What you need to do ▸ Exactly the lines from the one containing "10 ft. Patio" through the final line of the data below, with pictures omitted, make up the answer.

Segment Start: Exercise data

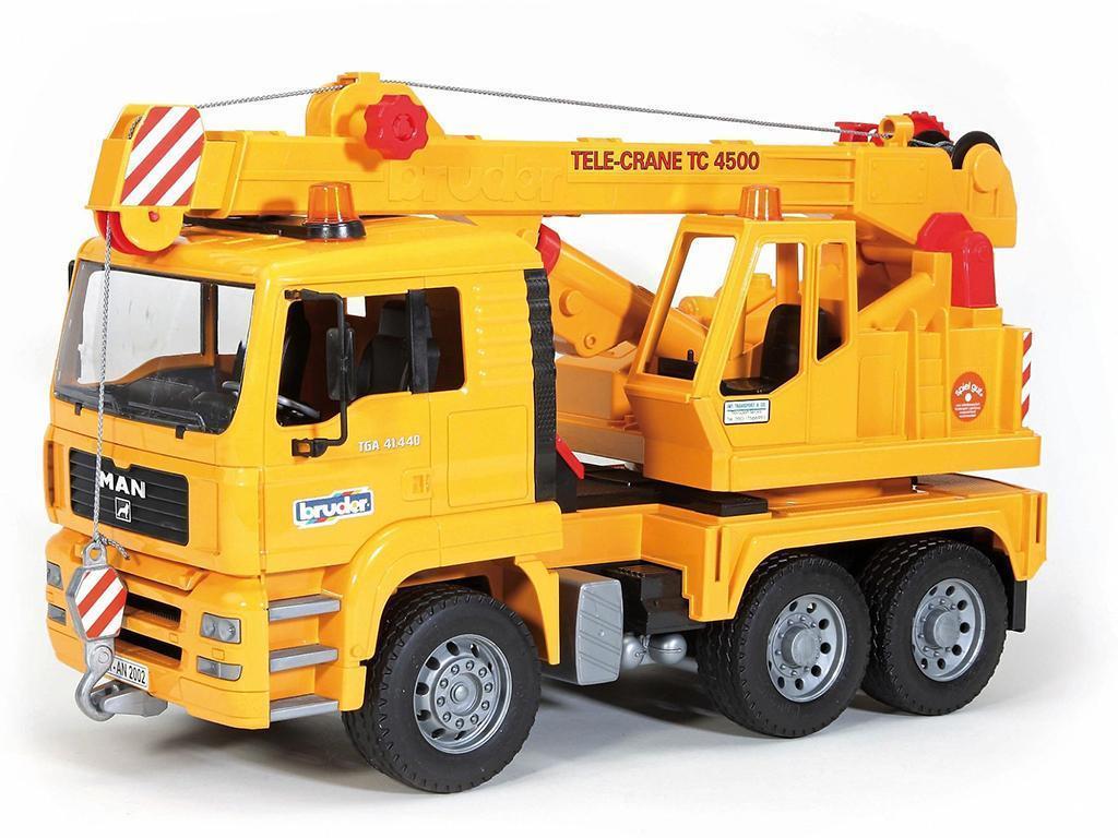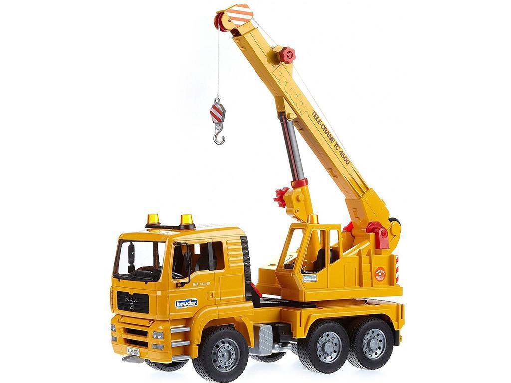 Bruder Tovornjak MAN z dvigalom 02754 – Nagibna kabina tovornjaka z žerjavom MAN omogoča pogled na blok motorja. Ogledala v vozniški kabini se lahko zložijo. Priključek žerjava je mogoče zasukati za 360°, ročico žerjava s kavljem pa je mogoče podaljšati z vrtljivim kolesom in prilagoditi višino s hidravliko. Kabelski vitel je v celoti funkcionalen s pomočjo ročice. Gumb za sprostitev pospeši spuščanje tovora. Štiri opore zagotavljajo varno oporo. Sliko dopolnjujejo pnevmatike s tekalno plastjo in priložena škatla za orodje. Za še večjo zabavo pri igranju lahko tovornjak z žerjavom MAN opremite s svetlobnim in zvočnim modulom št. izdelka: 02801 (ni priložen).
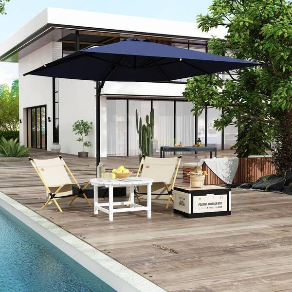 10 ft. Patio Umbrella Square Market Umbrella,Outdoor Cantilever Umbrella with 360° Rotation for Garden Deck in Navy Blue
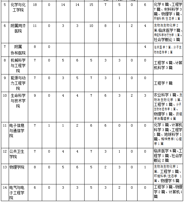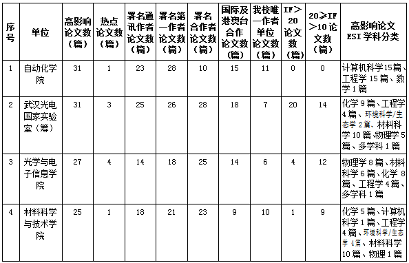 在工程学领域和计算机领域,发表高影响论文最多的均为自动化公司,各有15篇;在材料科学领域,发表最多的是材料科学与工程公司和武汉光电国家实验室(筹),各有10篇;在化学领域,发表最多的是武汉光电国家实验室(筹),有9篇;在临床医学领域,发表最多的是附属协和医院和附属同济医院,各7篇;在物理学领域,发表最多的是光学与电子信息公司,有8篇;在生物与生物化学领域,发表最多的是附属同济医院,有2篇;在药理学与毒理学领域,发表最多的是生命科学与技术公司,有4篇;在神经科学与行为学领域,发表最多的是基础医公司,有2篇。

Segment End: Exercise data

The completed task ▸
 10 ft. Patio Umbrella Square Market Umbrella,Outdoor Cantilever Umbrella with 360° Rotation for Garden Deck in Navy Blue
 在工程学领域和计算机领域,发表高影响论文最多的均为自动化公司,各有15篇;在材料科学领域,发表最多的是材料科学与工程公司和武汉光电国家实验室(筹),各有10篇;在化学领域,发表最多的是武汉光电国家实验室(筹),有9篇;在临床医学领域,发表最多的是附属协和医院和附属同济医院,各7篇;在物理学领域,发表最多的是光学与电子信息公司,有8篇;在生物与生物化学领域,发表最多的是附属同济医院,有2篇;在药理学与毒理学领域,发表最多的是生命科学与技术公司,有4篇;在神经科学与行为学领域,发表最多的是基础医公司,有2篇。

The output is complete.